__GIVEN INFORMATION__.
========================================================================

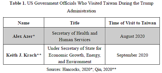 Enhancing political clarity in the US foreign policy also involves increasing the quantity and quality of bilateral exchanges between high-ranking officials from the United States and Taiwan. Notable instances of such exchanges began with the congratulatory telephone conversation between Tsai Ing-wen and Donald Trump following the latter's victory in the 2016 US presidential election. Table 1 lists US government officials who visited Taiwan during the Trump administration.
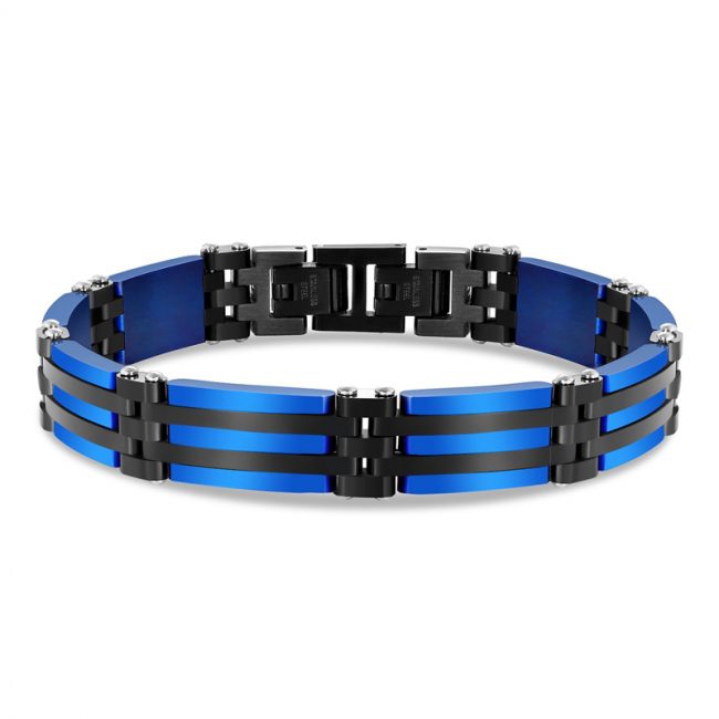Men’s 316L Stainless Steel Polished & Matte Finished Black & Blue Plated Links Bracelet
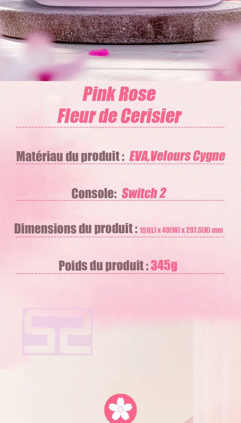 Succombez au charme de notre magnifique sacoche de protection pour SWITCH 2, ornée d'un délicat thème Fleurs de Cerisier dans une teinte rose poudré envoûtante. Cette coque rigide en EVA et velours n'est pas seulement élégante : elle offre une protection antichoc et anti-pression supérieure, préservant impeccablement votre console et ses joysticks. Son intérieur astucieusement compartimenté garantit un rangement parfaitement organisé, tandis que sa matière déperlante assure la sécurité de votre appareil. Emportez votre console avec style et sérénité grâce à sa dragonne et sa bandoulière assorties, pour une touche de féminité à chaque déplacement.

========================================================================

__REQUIREMENT__. Before you return the listing exactly, strip out its pictures.

__ANSWER__.
 Enhancing political clarity in the US foreign policy also involves increasing the quantity and quality of bilateral exchanges between high-ranking officials from the United States and Taiwan. Notable instances of such exchanges began with the congratulatory telephone conversation between Tsai Ing-wen and Donald Trump following the latter's victory in the 2016 US presidential election. Table 1 lists US government officials who visited Taiwan during the Trump administration.
Men’s 316L Stainless Steel Polished & Matte Finished Black & Blue Plated Links Bracelet
 Succombez au charme de notre magnifique sacoche de protection pour SWITCH 2, ornée d'un délicat thème Fleurs de Cerisier dans une teinte rose poudré envoûtante. Cette coque rigide en EVA et velours n'est pas seulement élégante : elle offre une protection antichoc et anti-pression supérieure, préservant impeccablement votre console et ses joysticks. Son intérieur astucieusement compartimenté garantit un rangement parfaitement organisé, tandis que sa matière déperlante assure la sécurité de votre appareil. Emportez votre console avec style et sérénité grâce à sa dragonne et sa bandoulière assorties, pour une touche de féminité à chaque déplacement.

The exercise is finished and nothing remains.